Uses regex option re.IGNORECASE depending on the quantifier parameter.
For parameters see titlefilter above.
- pagegenerators.RegexFilterPageGenerator(generator, regex, quantifier='any', ignore_namespace=True)#
Yield pages from another generator whose title matches regex.
Uses regex option re.IGNORECASE depending on the quantifier parameter.
If ignore_namespace is False, the whole page title is compared.
Note
if you want to check for a match at the beginning of the title, you have to start the regex with “^”
- Parameters:
generator (Iterable[Page]) – another generator
regex (str | Pattern[str] | Sequence[str] | Sequence[Pattern[str]]) – a regex which should match the page title
quantifier (str) – must be one of the following values: ‘all’ - yields page if title is matched by all regexes ‘any’ - yields page if title is matched by any regexes ‘none’ - yields page if title is NOT matched by any regexes
ignore_namespace (bool) – ignore the namespace when matching the title
- Returns:
return a page depending on the matching parameters
- Return type:
Iterator[Page]
- pagegenerators.RepeatingGenerator(generator, key_func=<function <lambda>>, sleep_duration=60, total=None, **kwargs)[source]#
Yield items in live time.
The provided generator must support parameter ‘start’, ‘end’, ‘reverse’, and ‘total’ such as site.recentchanges(), site.logevents().
To fetch revisions in recentchanges in live time:
gen = RepeatingGenerator(site.recentchanges, lambda x: x['revid'])
To fetch new pages in live time:
gen = RepeatingGenerator(site.newpages, lambda x: x[0])
Note that other parameters not listed below will be passed to the generator function. Parameter ‘reverse’, ‘start’, ‘end’ will always be discarded to prevent the generator yielding items in wrong order.
- Parameters:
generator (Callable) – a function returning a generator that will be queried
key_func (Callable[[Any], Any]) – a function returning key that will be used to detect duplicate entry
sleep_duration (int) – duration between each query
total (int | None) – if it is a positive number, iterate no more than this number of items in total. Otherwise, iterate forever
kwargs (Any) –
- Returns:
a generator yielding items in ascending order by time
- Return type:
Iterator[Page]
- pagegenerators.SearchPageGenerator(query, total=None, namespaces=None, site=None)[source]#
Yield pages from the MediaWiki internal search engine.

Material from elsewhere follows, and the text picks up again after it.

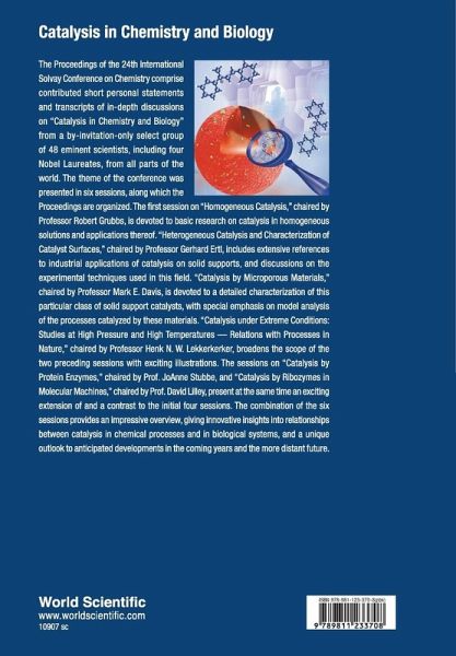 The Proceedings of the 24th International Solvay Conference on Chemistry comprise contributed short personal statements and transcripts of in-depth discussions on "Catalysis in Chemistry and Biology" from a by-invitation-only select group of 48 eminent scientists, including four Nobel Laureates, from all parts of the world. The theme of the conference was presented in six sessions, along which the Proceedings are organized. The first session on "Homogeneous Catalysis," chaired by Professor Robert Grubbs, is devoted to basic research on catalysis in homogeneous solutions and applications thereof. "Heterogeneous Catalysis and Characterization of Catalyst Surfaces," chaired by Professor Gerhard Ertl, includes extensive references to industrial applications of catalysis on solid supports, and discussions on the experimental techniques used in this field. "Catalysis by Microporous Materials," chaired by Professor Mark E. Davis, is devoted to a detailed characterization of this particular class of solid support catalysts, with special emphasis on model analysis of the processes catalyzed by these materials. "Catalysis under Extreme Conditions: Studies at High Pressure and High Temperatures - Relations with Processes in Nature," chaired by Professor Henk N W Lekkerkerker, broadens the scope of the two preceding sessions with exciting illustrations. The sessions on "Catalysis by Protein Enzymes," chaired by Prof. JoAnne Stubbe, and "Catalysis by Ribozymes in Molecular Machines," chaired by Prof. David Lilley, present at the same time an exciting extension of and a contrast to the initial four sessions. The combination of the six sessions provides an impressive overview, giving innovative insights into relationships between catalysis in chemical processes and in biological systems, and a unique outlook to anticipated developments in the coming years and the more distant future.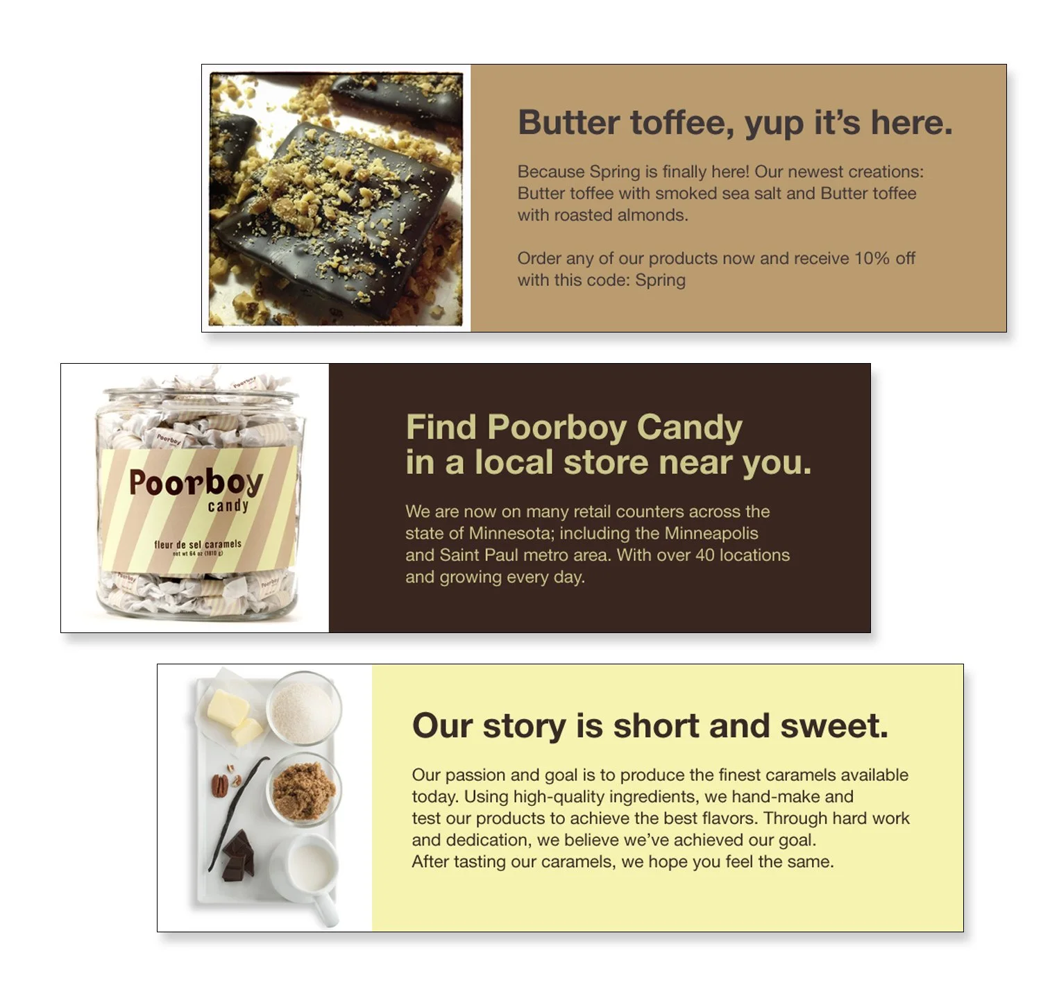 An artisan candy company specializing in caramels, caramel sauce and a variety of other traditional sweets. The color palette of the logo and identity system works well with the natural colors of the product. The strong stripe background gives a nostalgic feel. I developed all creative needs for the company, including art direction for photography. I designed the logo, color system, packaging, promo buttons, website, web banners, email images and trade show banners.

- pagegenerators.SubCategoriesPageGenerator(category, recurse=False, start=None, total=None, content=False)[source]#
Yield all subcategories in a specific category.
- Parameters:
recurse (int | bool) – if not False or 0, also iterate articles in subcategories. If an int, limit recursion to this number of levels. (Example: recurse=1 will iterate articles in first-level subcats, but no deeper.)
start (str | None) – if provided, only generate pages >= this title lexically
total (int | None) – iterate no more than this number of pages in total (at all levels)
content (bool) – if True, retrieve the content of the current version of each page (default False)
category (Category) –
- Return type:
Iterable[Page]
- pagegenerators.SubpageFilterGenerator(generator, max_depth=0, show_filtered=False)[source]#
Generator which filters out subpages based on depth.
It looks at the namespace of each page and checks if that namespace has subpages enabled. If so, pages with forward slashes (‘/’) are excluded.
- pagegenerators.TextIOPageGenerator(source=None, site=None)[source]#
Iterate pages from a list in a text file or on a webpage.
The text source must contain page links between double-square-brackets or, alternatively, separated by newlines. The generator will yield each corresponding Page object.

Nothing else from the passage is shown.